Almost half of the 7.5 million people who die of cancer globally every year can be saved, says the president of the Union for International Cancer Control.

Speaking at an event hosted by the International Atomic Energy Agency (IAEA) in Vienna, Tezer Kutluk said 3-4 million deaths from cancer can be prevented annually if governments invest in and expand treatment facilities for all.

“The threat is recognized…with concerted global action, technologies and finances solutions are not beyond us,” he said.

Kutluk joined several other leading researchers in a round-table discussion marking World Cancer Day. This year’s theme was “Not Beyond Us.”

IAEA Director General Yukio Amano told the group of panelists and international delegates that more forms of cancer are being cured as a result of advances in radiotherapy, which is becoming ever more precise.

Despite the advances, new cases of cancer are expected to rise by 70 percent over the next two decades. The World Health Organization (WHO) estimates that by 2020, more than 20 million people globally will die of cancer every year.
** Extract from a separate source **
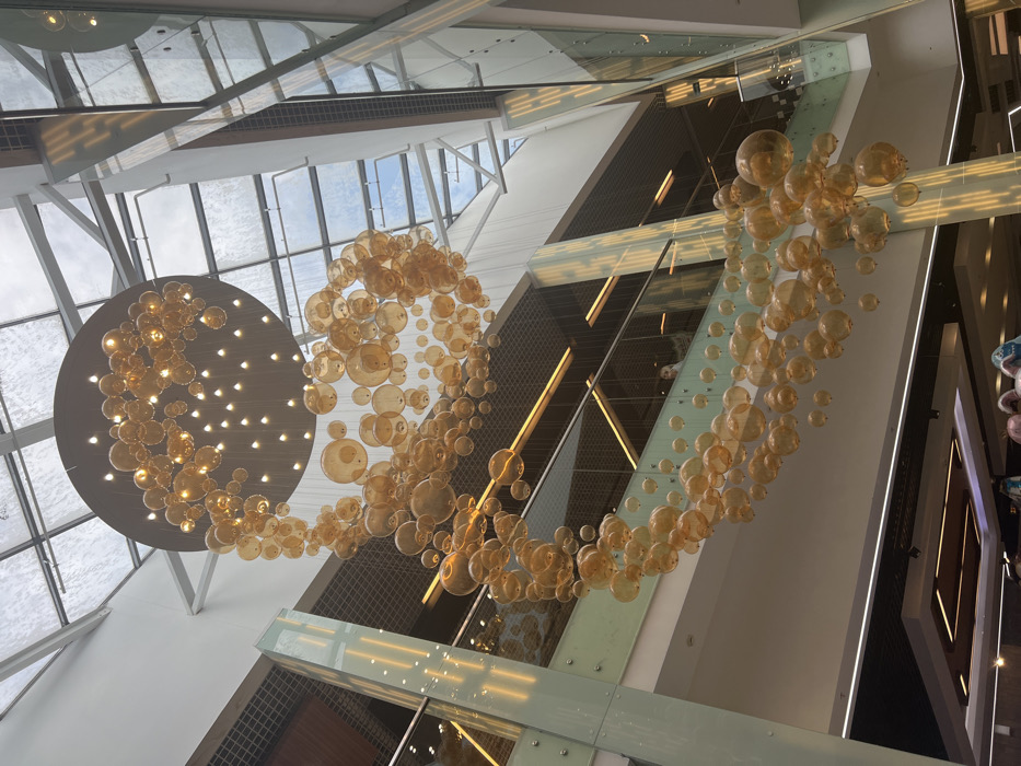 This image displays the interior atrium of Dana Mall, located at P. Mstislavtsa St 11, Minsk, Belarus. The central and dominant subject is a large, multi-story chandelier constructed from numerous amber-toned, spherical glass elements of various sizes. These elements are suspended from a large, dark, circular ceiling plate that also features multiple integrated downlights. The spheres form a cascading, curvilinear design, appearing internally illuminated. The architectural environment consists of a modern, multi-level structure with a prominent glass skylight overhead, revealing an overcast sky. Upper levels are visible with transparent glass railings and dark, grid-patterned mesh backings. Vertical columns with linear light features are present. One individual is partially visible on an upper level, positioned behind a glass railing, observing the scene. The lower portion of the image shows blurred elements consistent with a mall environment.

Director of the IAEA’s Human Health Division May Abdel-Wahab told Press TV the statistics should serve as a wake-up call, prompting more investments in cancer treatment and prevention by governments as well as life style changes by individuals. Smoking and obesity are risk factors, she said, adding that early detection is extremely important.
More than 60% of the world’s total new annual cases of cancer occur in Africa, Asia and Central and South America. These regions account for 70% of the world’s cancer deaths. One of the reasons is the lack of adequate facilities and medical personnel.

“In Zambia, there’s is just one radiotherapy center for the 14-million population,” says Kennedy Lishimpi, the executive director of the Cancer Diseases Hospital in Zambia. Addressing the IAEA panel in Vienna, Lishimpi said cancer is no longer an incurable disease in all its forms, and governments must increase access to cancer care and control and decentralize services.

Experts estimate that more than four in 10 cancer cases can be prevented by lifestyle changes, such as avoiding tobacco, alcohol and radiation, keeping a healthy body weight, eating a healthy balanced diet, and keeping active.